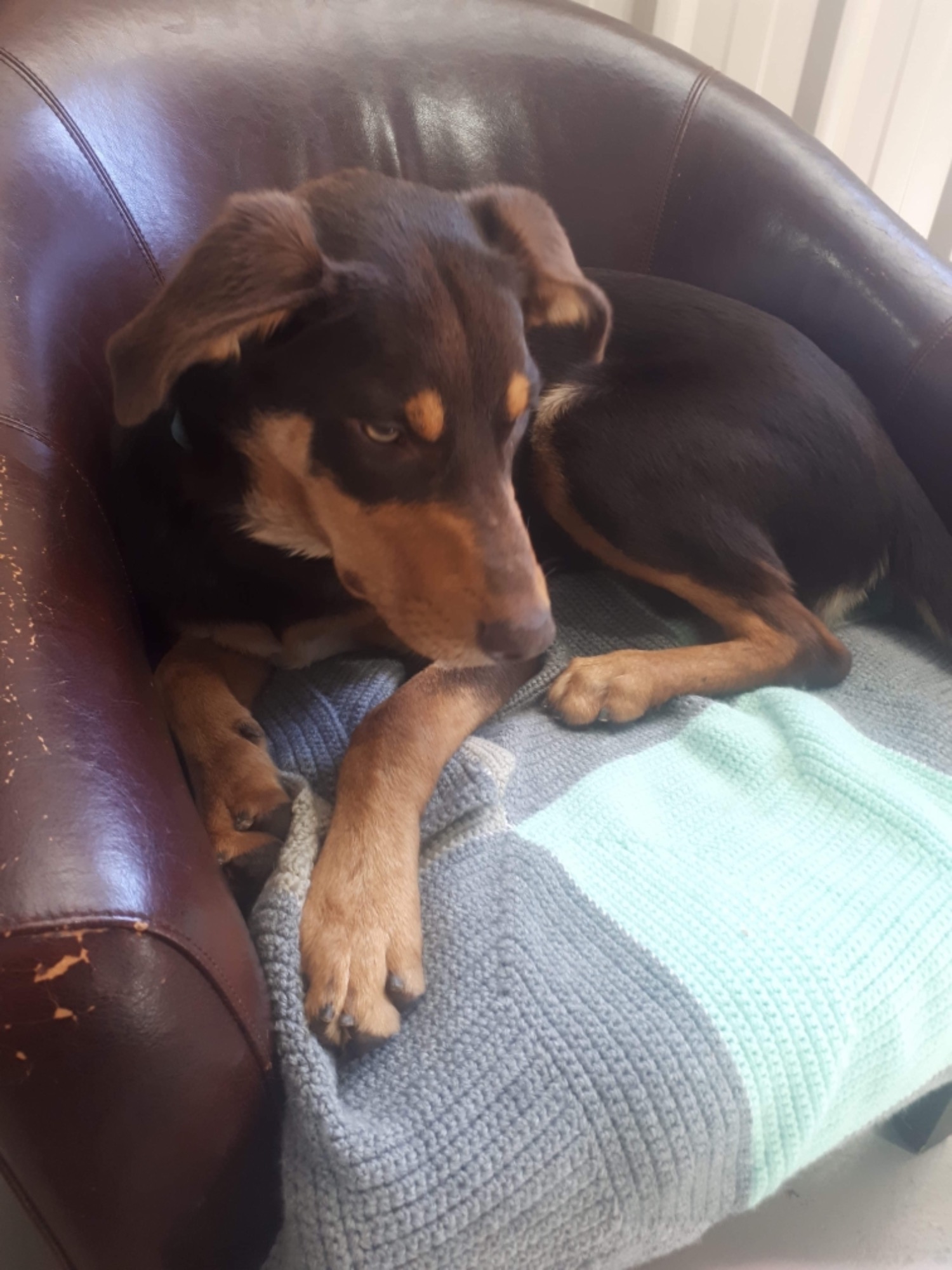 Koda is a handsome fella looking for a new home, this 8-9 month old boy is full of energy and loves his ball. Koda loves playing with kids and other dogs, he stalks cats so a home without would be best. He is good inside and loves a cuddle from his foster humans, he will require further training being young still. He knows the basics but can get excited at times and breaks his sit. Koda will need someone who can put training into him and exercise him as he is an active boy. He is currently attending doggy day care and is loving it 🐶 If you have the time for Koda and can give him what he needs both training wise and physical wise please put an application in.
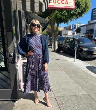 Ivory/Navy/Teal Lofty Cotton Crochet Trim Cardigan
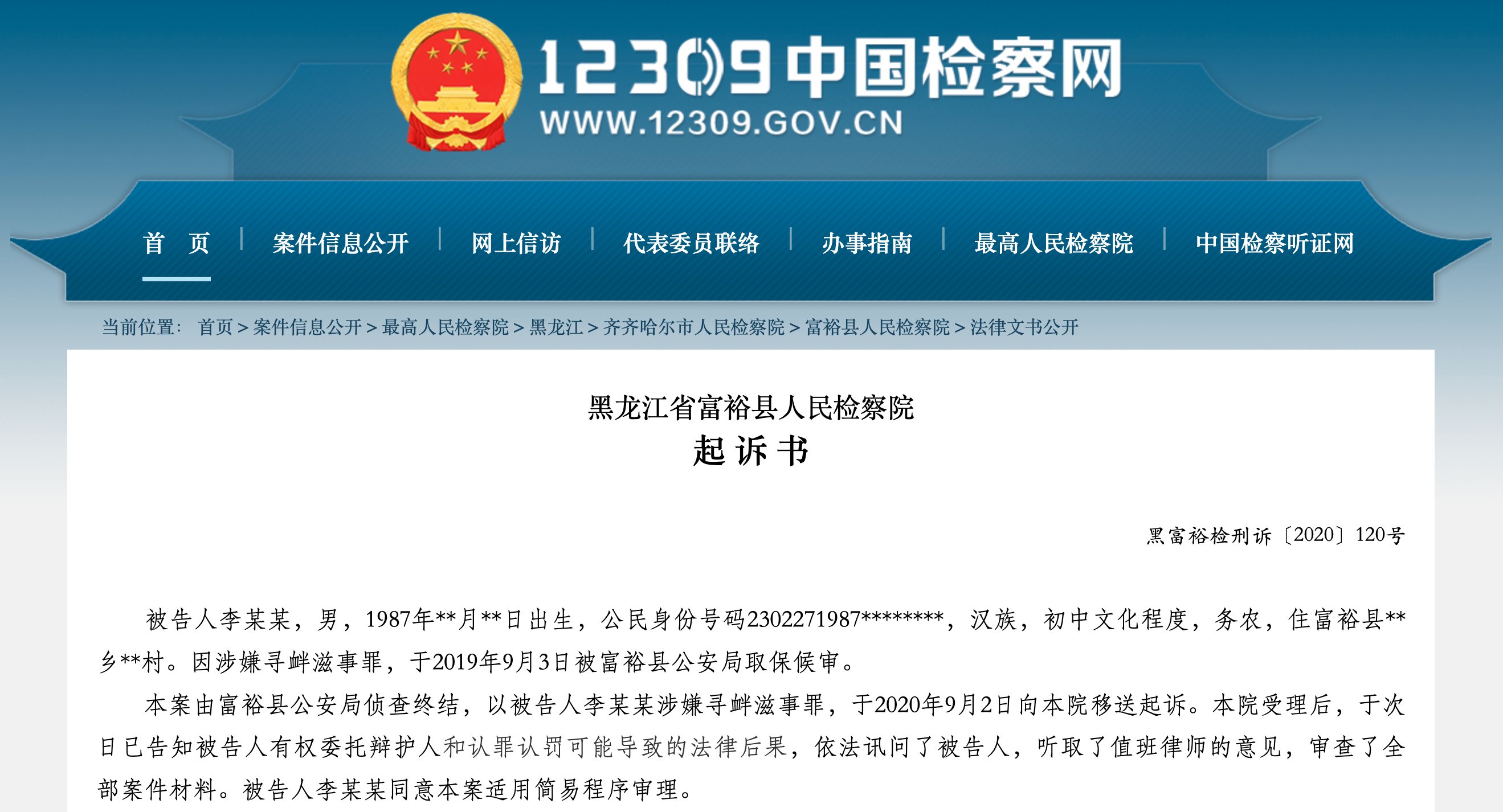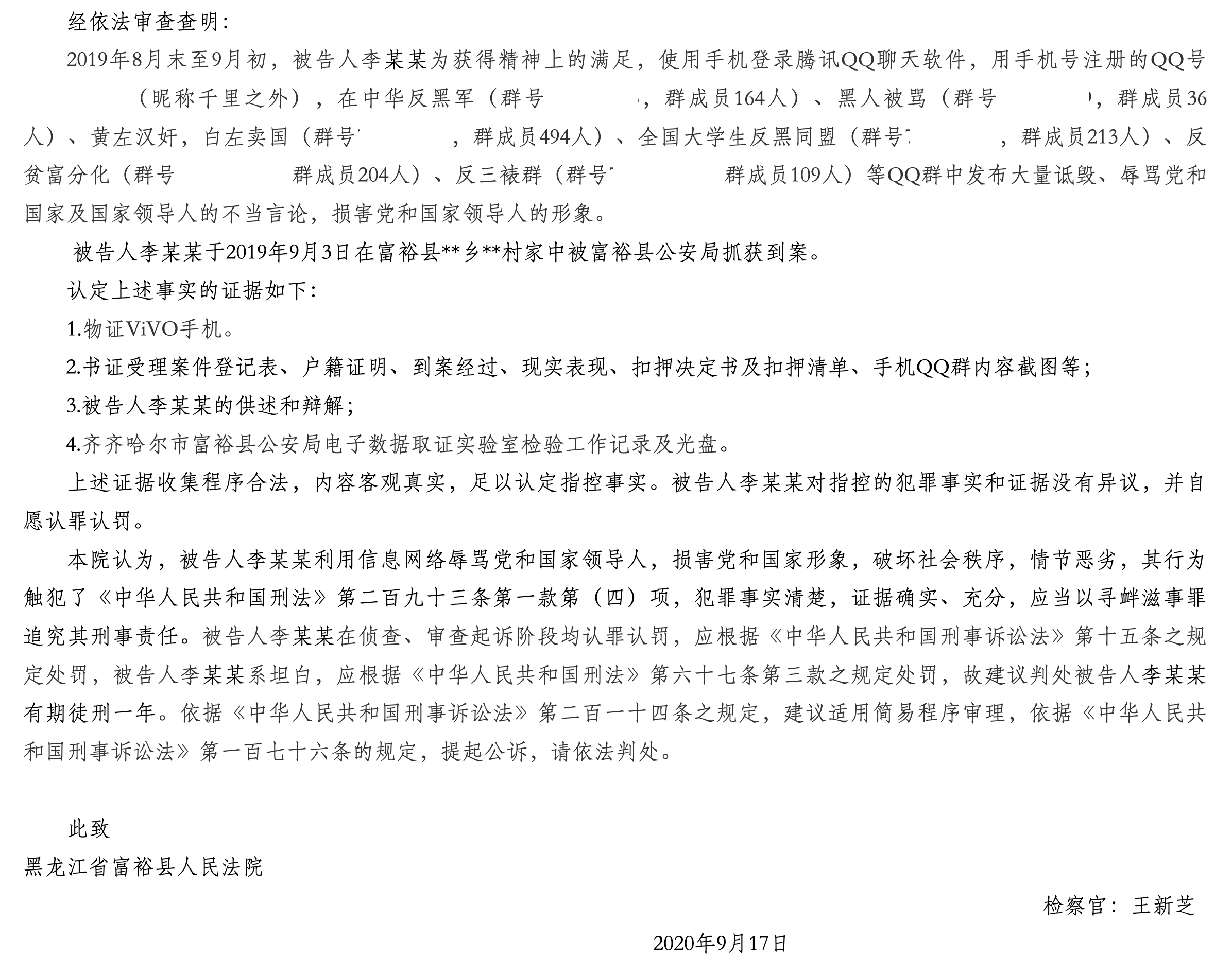 黑龙江富裕县男子李某,因在多个QQ群内“发布大量诋毁、辱骂党和国家及国家领导人的不当言论,损害党和国家领导人的形象”,于2019年被捕,并于次年9月被当地检方以寻衅滋事罪提起公诉,判决不详。
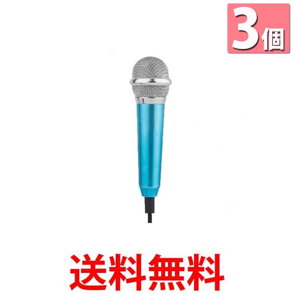3個セット スマホ用 ミニ マイク カラオケ 通話 3.5mmプラグ 歌 Android スマホ カラオケアプリ 軽量 ブルー (管理S) 送料無料
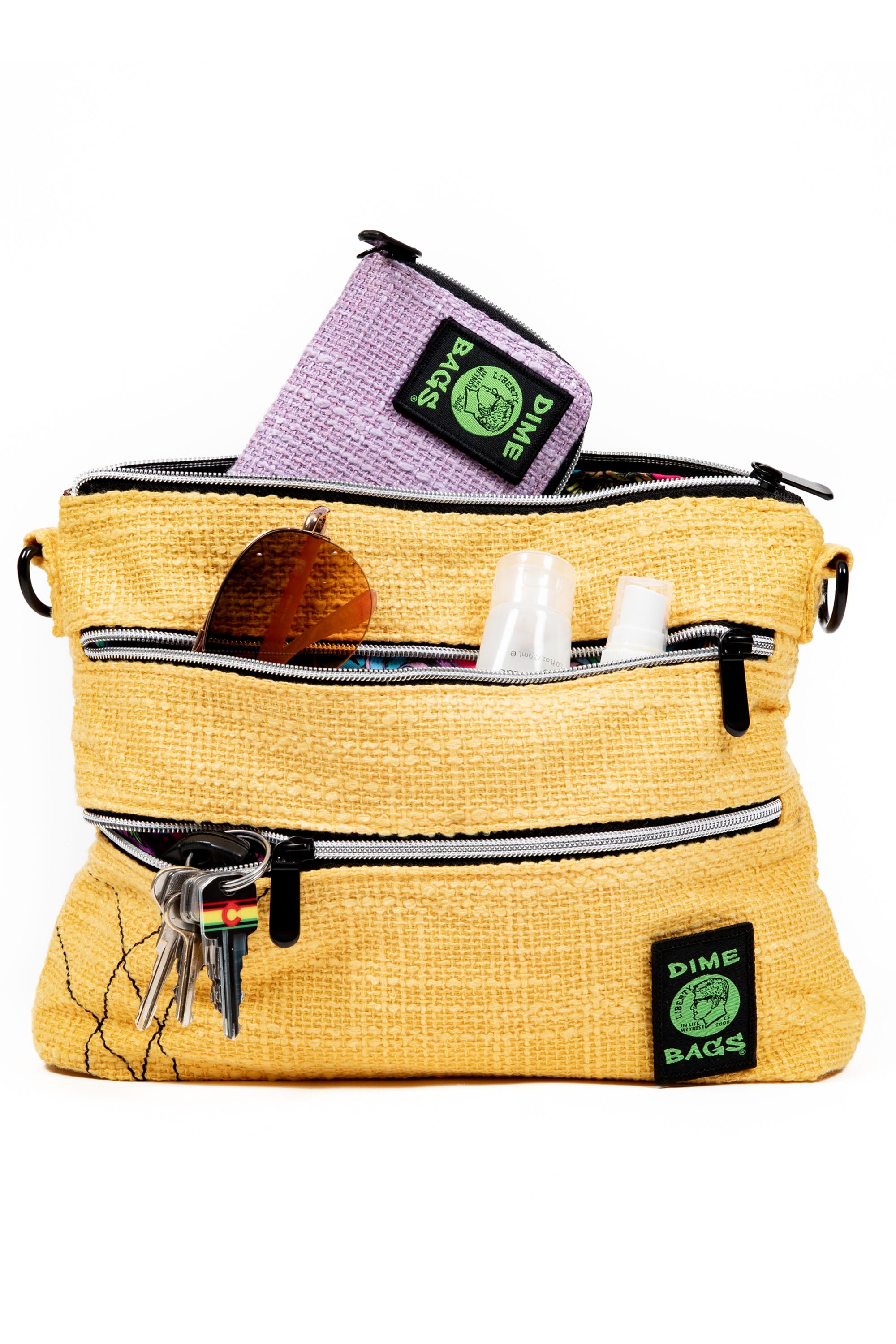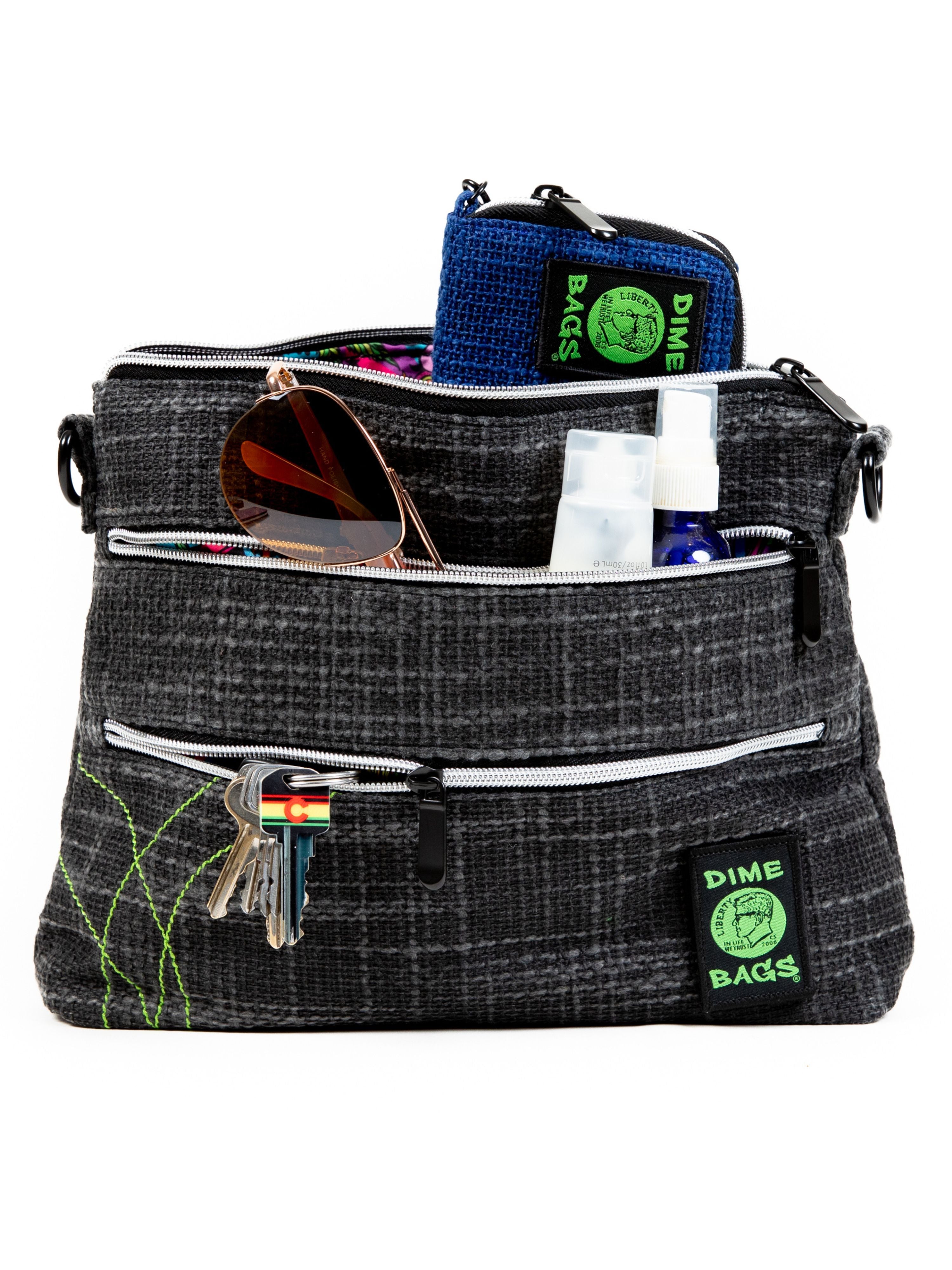 Seven total compartments including dual exterior zippers, two internal organizer pockets, and a secret stash spot. Small enough to stay light, big enough to carry your daily must-haves with room to spare for spontaneous adventures.
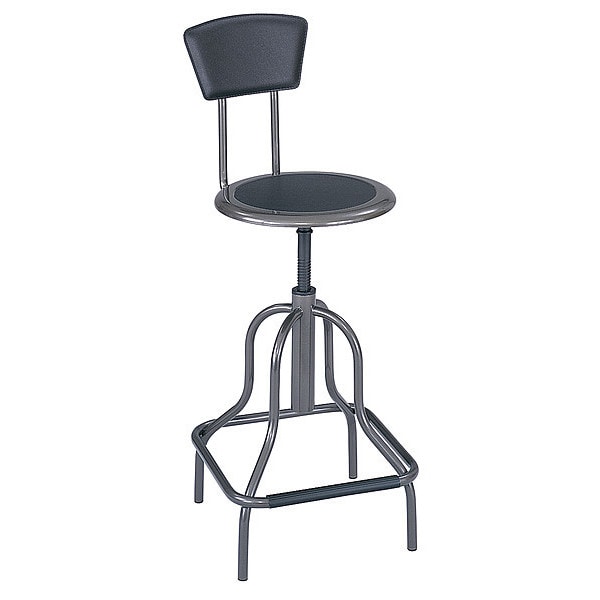 Round Stool, Base Design Rectangular Frame, Mobility Stationary, Backrest Yes, Base Color Pewter, Built-In Tool Tray No, Includes Footring No, Maximum Seat Height 22 in, Minimum Seat Height 27 in, Overall Height 41 in, Seat Adjustment Type Screw Post, Seat Diameter 14 in, Seat Shape Round, Seat Width Not Applicable, Assembled Assembled, Load Capacity 250 lb, Number of Legs 4
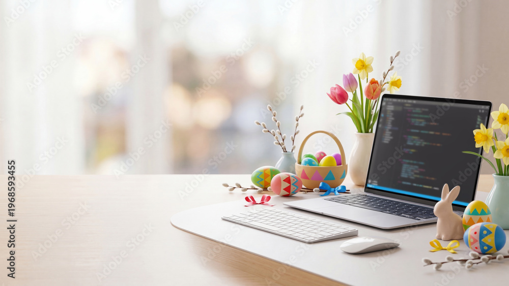 Naklejka na ściany i meble - Easter decorations on modern office desk with open laptop. Colorful eggs, bunny figurine and spring flowers like tulips and pussy willows. Holiday workspace concept blending productivity and festive.
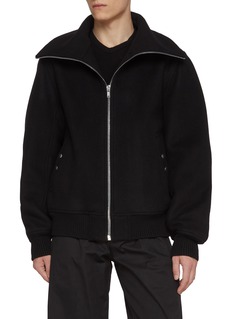 Rick Owens 的作品皆糅合哥特式暗黑风格及摇滚叛逆气质。这款夹克以大翻领剪裁焕新日常,罗纹和金属细节巧露纯色多层次质感。
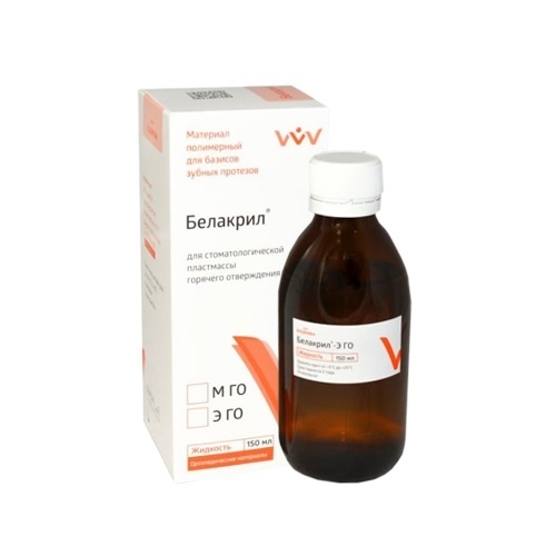 Базисные материалы «Белакрил» выпускаются в виде двух компонентов - порошка, содержащего полиэфиры метакриловой кислоты, катализатор реакции полимеризации перекись бензоила, и жидкости, содержащей мономер метилметакрилат (М) и/или мономер этилметакрилат (Э), после смешивания порошка с жидкостью образуется полимер, твердеющий при нагревании (горячего отверждения) - ГО или без нагревания (самотвердеющий) - ХО. Базисные материалы «Белакрил» отличает высокая технологичность, простота и быстрота изготовления изделий, имеющих высокое качество, функциональную долговечность, натуральный внешний вид и биосовместимость.
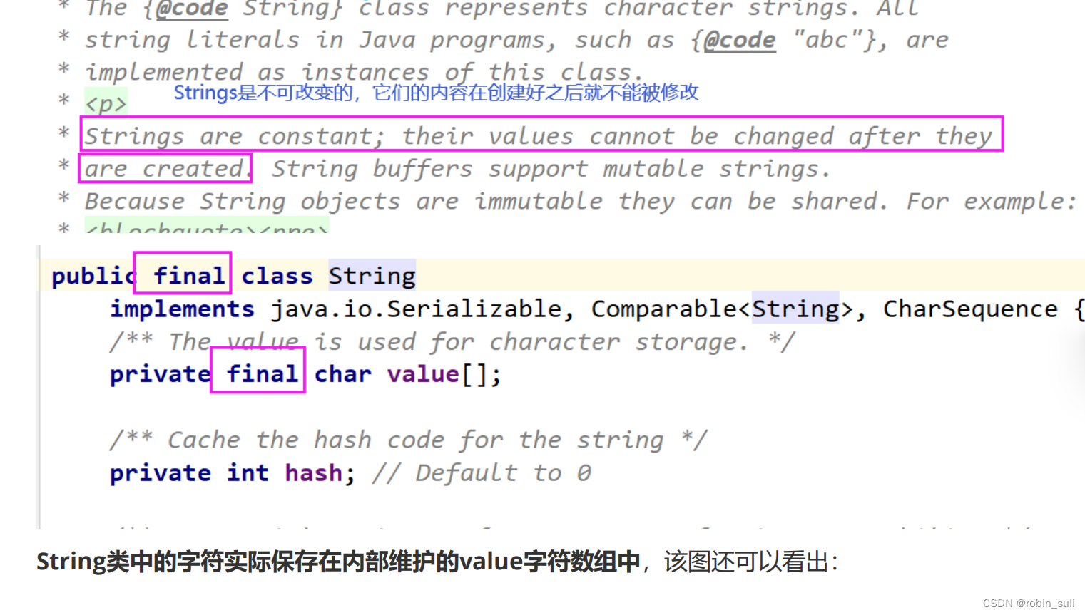 其原因. 是String类在设计时就是不可改变的,String类实现描述中已经说明了
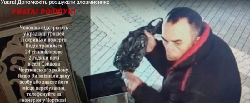 Працівники Чортківського районного відділу поліції просять допомогти встановити особу невідомого, причетного до крадіжки грошей зі скриньки пожертв.
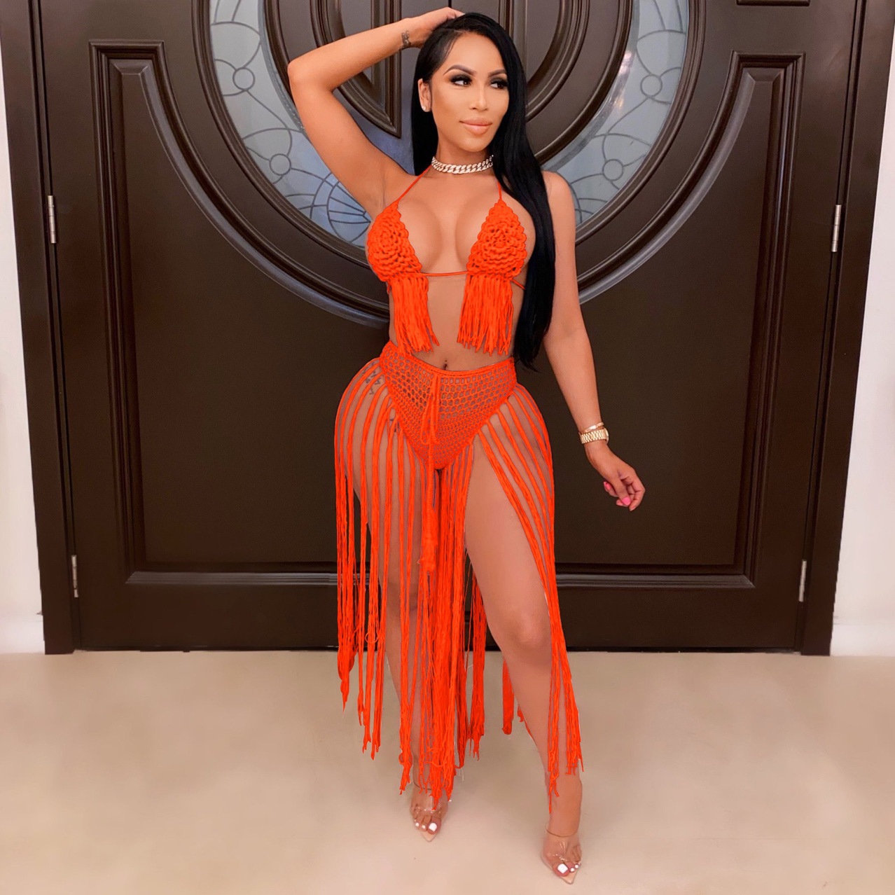 Amazon AliExpress 대외 무역 새로운 여성 의류 긴 유럽과 미국의 짠 투피스 태슬 비치 스커트 로즈 브라스토어 가기

§ §

TASK TO COMPLETE: When you copy the records above, keep every word exact and drop the pictures.

RESULT OF THIS EXERCISE:
 Koda is a handsome fella looking for a new home, this 8-9 month old boy is full of energy and loves his ball. Koda loves playing with kids and other dogs, he stalks cats so a home without would be best. He is good inside and loves a cuddle from his foster humans, he will require further training being young still. He knows the basics but can get excited at times and breaks his sit. Koda will need someone who can put training into him and exercise him as he is an active boy. He is currently attending doggy day care and is loving it 🐶 If you have the time for Koda and can give him what he needs both training wise and physical wise please put an application in.
 Ivory/Navy/Teal Lofty Cotton Crochet Trim Cardigan
 黑龙江富裕县男子李某,因在多个QQ群内“发布大量诋毁、辱骂党和国家及国家领导人的不当言论,损害党和国家领导人的形象”,于2019年被捕,并于次年9月被当地检方以寻衅滋事罪提起公诉,判决不详。
3個セット スマホ用 ミニ マイク カラオケ 通話 3.5mmプラグ 歌 Android スマホ カラオケアプリ 軽量 ブルー (管理S) 送料無料
 Seven total compartments including dual exterior zippers, two internal organizer pockets, and a secret stash spot. Small enough to stay light, big enough to carry your daily must-haves with room to spare for spontaneous adventures.
 Round Stool, Base Design Rectangular Frame, Mobility Stationary, Backrest Yes, Base Color Pewter, Built-In Tool Tray No, Includes Footring No, Maximum Seat Height 22 in, Minimum Seat Height 27 in, Overall Height 41 in, Seat Adjustment Type Screw Post, Seat Diameter 14 in, Seat Shape Round, Seat Width Not Applicable, Assembled Assembled, Load Capacity 250 lb, Number of Legs 4
 Naklejka na ściany i meble - Easter decorations on modern office desk with open laptop. Colorful eggs, bunny figurine and spring flowers like tulips and pussy willows. Holiday workspace concept blending productivity and festive.
 Rick Owens 的作品皆糅合哥特式暗黑风格及摇滚叛逆气质。这款夹克以大翻领剪裁焕新日常,罗纹和金属细节巧露纯色多层次质感。
 Базисные материалы «Белакрил» выпускаются в виде двух компонентов - порошка, содержащего полиэфиры метакриловой кислоты, катализатор реакции полимеризации перекись бензоила, и жидкости, содержащей мономер метилметакрилат (М) и/или мономер этилметакрилат (Э), после смешивания порошка с жидкостью образуется полимер, твердеющий при нагревании (горячего отверждения) - ГО или без нагревания (самотвердеющий) - ХО. Базисные материалы «Белакрил» отличает высокая технологичность, простота и быстрота изготовления изделий, имеющих высокое качество, функциональную долговечность, натуральный внешний вид и биосовместимость.
 其原因. 是String类在设计时就是不可改变的,String类实现描述中已经说明了
 Працівники Чортківського районного відділу поліції просять допомогти встановити особу невідомого, причетного до крадіжки грошей зі скриньки пожертв.
 Amazon AliExpress 대외 무역 새로운 여성 의류 긴 유럽과 미국의 짠 투피스 태슬 비치 스커트 로즈 브라스토어 가기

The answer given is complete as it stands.